Dennison’s life changed, too. She grew up in nearby Scottsville, on a tobacco farm, where she developed strong beliefs about self-reliance and determination. Then, in 2017, she got divorced and grappled with bouts of anxiety. She took the antidepressant Wellbutrin, saw a counselor and “prayed a lot,” she said.
“I used to be a self-righteous little jerk,” she said. “I used to pooh-pooh all that anxiety stuff and think you can get through this. And then I went through the divorce.”
Dennison provides advice in addition to medication. She readily shares with families her opinions about the need for their children to put down their devices, exercise and spend time outdoors.
“They have too much screen time, they’re not sleeping, on phones all the time,” she said. Parents lack the will to make their children disconnect. Poverty, obesity and puberty, which is arriving earlier for many children, are factors, too, she said: “It’s hard to have the body of a 15-year-old and the mind of a 12-year-old.”
Other adults who work with adolescents in Glasgow have theories about why this generation is burdened with mental health issues. Mallie Boston, who grew up in town and is now the executive director of the Boys & Girls Club of Glasgow-Barren County, said that today’s teenagers were less physically active and spent less time just hanging out.

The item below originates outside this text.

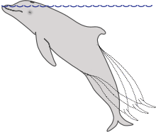 The term 'dolphin' can be used to refer to, under the parvorder Odontoceti, all the species in the family Delphinidae (oceanic dolphins) and the river dolphin families Iniidae (South American river dolphins), Pontoporiidae (La Plata dolphin), Lipotidae (Yangtze river dolphin) and Platanistidae (Ganges river dolphin and Indus river dolphin).[6][7] This term has often been misused in the US, mainly in the fishing industry, where all small cetaceans (dolphins and porpoises) are considered porpoises,[8] while the fish dorado is called dolphin fish.[9] In common usage the term 'whale' is used only for the larger cetacean species,[10] while the smaller ones with a beaked or longer nose are considered 'dolphins'.[11] The name 'dolphin' is used casually as a synonym for bottlenose dolphin, the most common and familiar species of dolphin.[12] There are six species of dolphins commonly thought of as whales, collectively known as blackfish: the killer whale, the melon-headed whale, the pygmy killer whale, the false killer whale, and the two species of pilot whales, all of which are classified under the family Delphinidae and qualify as dolphins.[13] Though the terms 'dolphin' and 'porpoise' are sometimes used interchangeably, porpoises are not considered dolphins and have different physical features such as a shorter beak and spade-shaped teeth; they also differ in their behavior. Porpoises belong to the family Phocoenidae and share a common ancestry with the Delphinidae.[12]

At the Boys & Girls Club, she tries to encourage young people to be more physically engaged and expressive. “I try to get them to play dodgeball,” she said. “If I can get them to be aggressive, maybe I can get to the root cause of what’s happened to them.”
The club is in a building a couple of miles from Dennison’s office; on a weekday afternoon, a couple of hundred children and adolescents come to play basketball and volleyball or to hang out. Many are from families that are struggling economically; a few said they didn’t see a doctor at all.
“My mom refuses to take me to one,” one 15-year-old girl said. “She says there’s nothing wrong with me.” She and more than a dozen other adolescents from the club agreed to share their thoughts about mental health on the condition that their names not be published, to protect their privacy.
Some described struggling with anxiety, depression, suicidal thoughts or self-harm. The girl said she sometimes cut herself with the blade from a pencil sharpener to counter her anxiety and sadness.
Like many in the group, she said she stayed up late on her phone and slept only a few hours each night. Another girl, 12, was often up until 1 or 2 a.m. looking at TikTok and Snapchat. “I’m overwhelmed a lot, by school,” she said. A third girl, 13, described the previous night: “I took a melatonin at 3 o’clock and fell asleep at 3:15.”
Recent research found that teenagers with poor sleep habits were more likely to have mental health problems during the pandemic.
Katrina Ayres, the mental health coordinator for the local school district, pointed to another change: Students were deeply focused on themselves, selfie-obsessed, which led them to “think everybody is looking at me,” she said. “We’re raising a generation that is very ‘me’ focused.”
Ayres joined the school district in 2020 with support from a federal grant and other funds. Under a new program, the schools have surveyed students, and those who are found to be at risk receive counseling, regular check-ins from a teacher or referrals for treatment. As part of a separate program, some of the students distributed food to needy families at Thanksgiving and Christmas.
“They need to see they’re part of a bigger picture,” Ayres said.